Oceania, meet Egypt
A Washington Post article about a political protest on Facebook paints an Orwellian picture of modern day Egypt. Young Egyptians came together in a Facebook group to organize a passive rebellion against the 27 year reign of President Hosni Mubarak. They wore black shirts, stayed home from work, and wrote slogans on currency. Then they were crushed by Egypt’s brutal security services.
That Wednesday, police arrested Maher as he tried to return to his empty home for the first time in days. Police and then State Security forces beat him from 1 p.m. Wednesday until 3 a.m. Thursday, stripping him naked, slapping him, dragging him across the floor tied to a rope and threatening to rape him, Maher said. They demanded passwords to the Facebook groups, although the groups do not require passwords, and the real names of those who had registered, he said.

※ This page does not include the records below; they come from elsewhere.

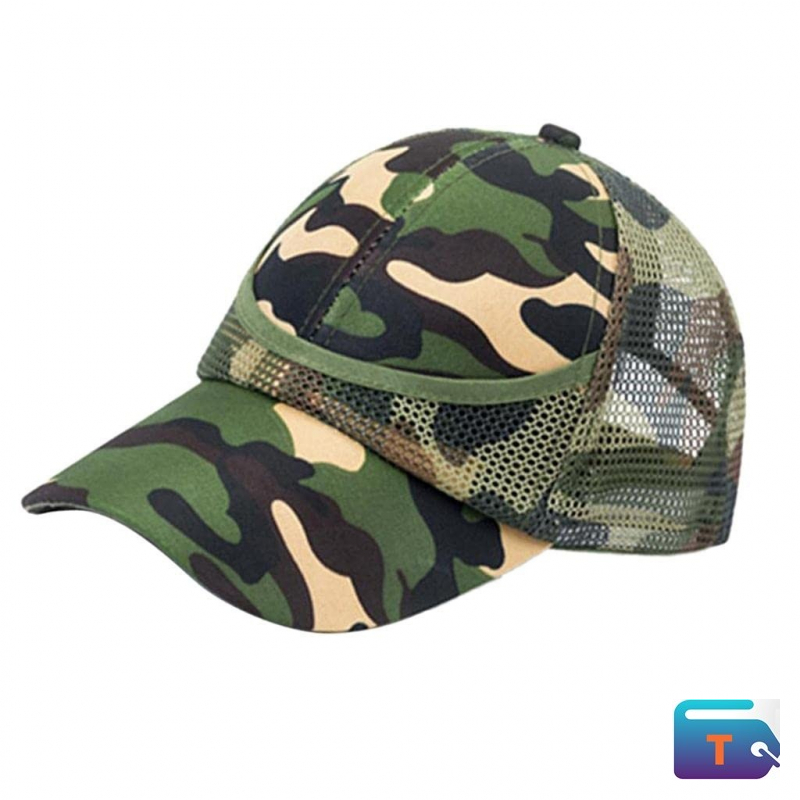 This is a kids' army camouflage cap with a classic curved brim. The front of the cap features a green, brown, and white camouflage pattern. The back of the cap is made of a breathable mesh material, which helps with airflow. The cap is a baseball or trucker style and often has an adjustable strap, such as a snapback or velcro closure, for a customizable fit.
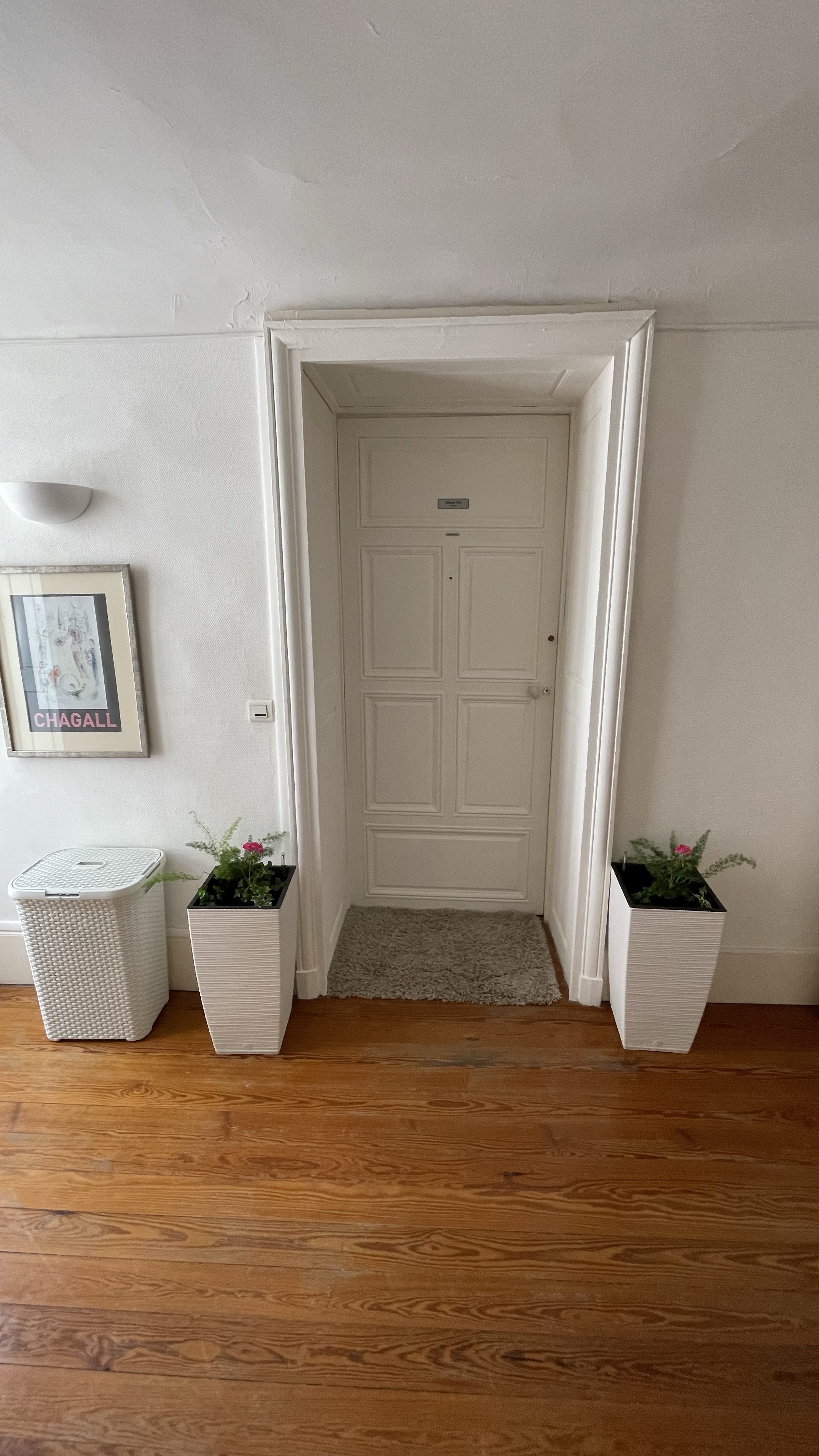 Cette photo représente la porte d’entrée de l’appartement. Le bac à linge blanc fait office de collecte des bouteilles en verre vides. Utilisez la clef dorée ou clef avec pastille rouge pour ouvrir la serrure du haut de la porte. Vous voila dans l’appartement. Envoyez moi un message SVP afin de me dire que vous êtes bien arrivées et dites moi si vous avez besoin de quelque chose. Au moment de votre départ, veiller à déposer les clefs dans la boite à clefs ( même code ) et assurez vous que la boite soit bien fermée. Le départ est fixé à 11h00 et la femme de ménage est prévue à 11h10. Envoyez nous un message lors de votre départ. Merci par avances.
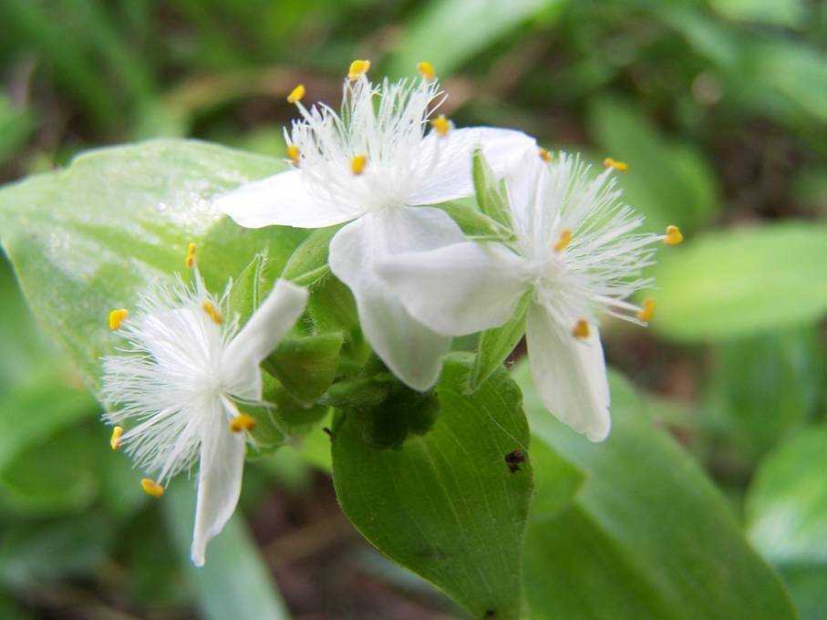 - Традесканция белоцветковая. Растение имеет оригинальные заостренные листья, ползучие отростки и крохотные белые цветки.
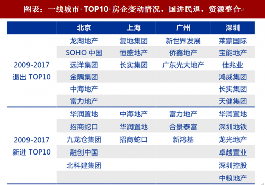 参考观研天下发布《》图表:一线城市 top10 房企变动情况,国进民退,资源整合
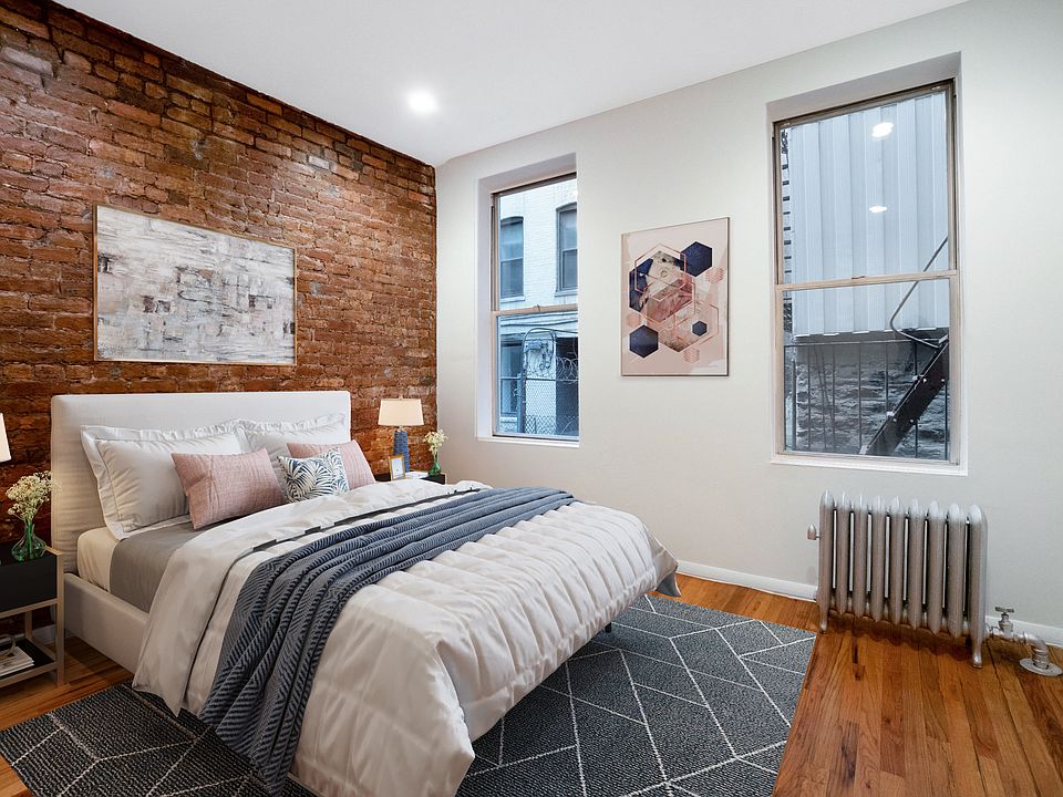 Exposed brickFull-size junior bedroomHigh ceilingsClosets in both bedroomsWood floorsEat-in kitchenQueen-size master bedroom

Maher was released with bruises and one ear deafened by blows. “This time we were just tugging on your ear,” Maher quoted a State Security official telling him. “Next time it will be serious.”
But the Egyptian government’s Orwellian ethos is even more profound. The following shows that they’ve mastered the concept of Newspeak.
On May 4, Cairenes woke to new billboards in main squares. “Young people love Egypt,” the signs said. “Serious people create, not destroy.”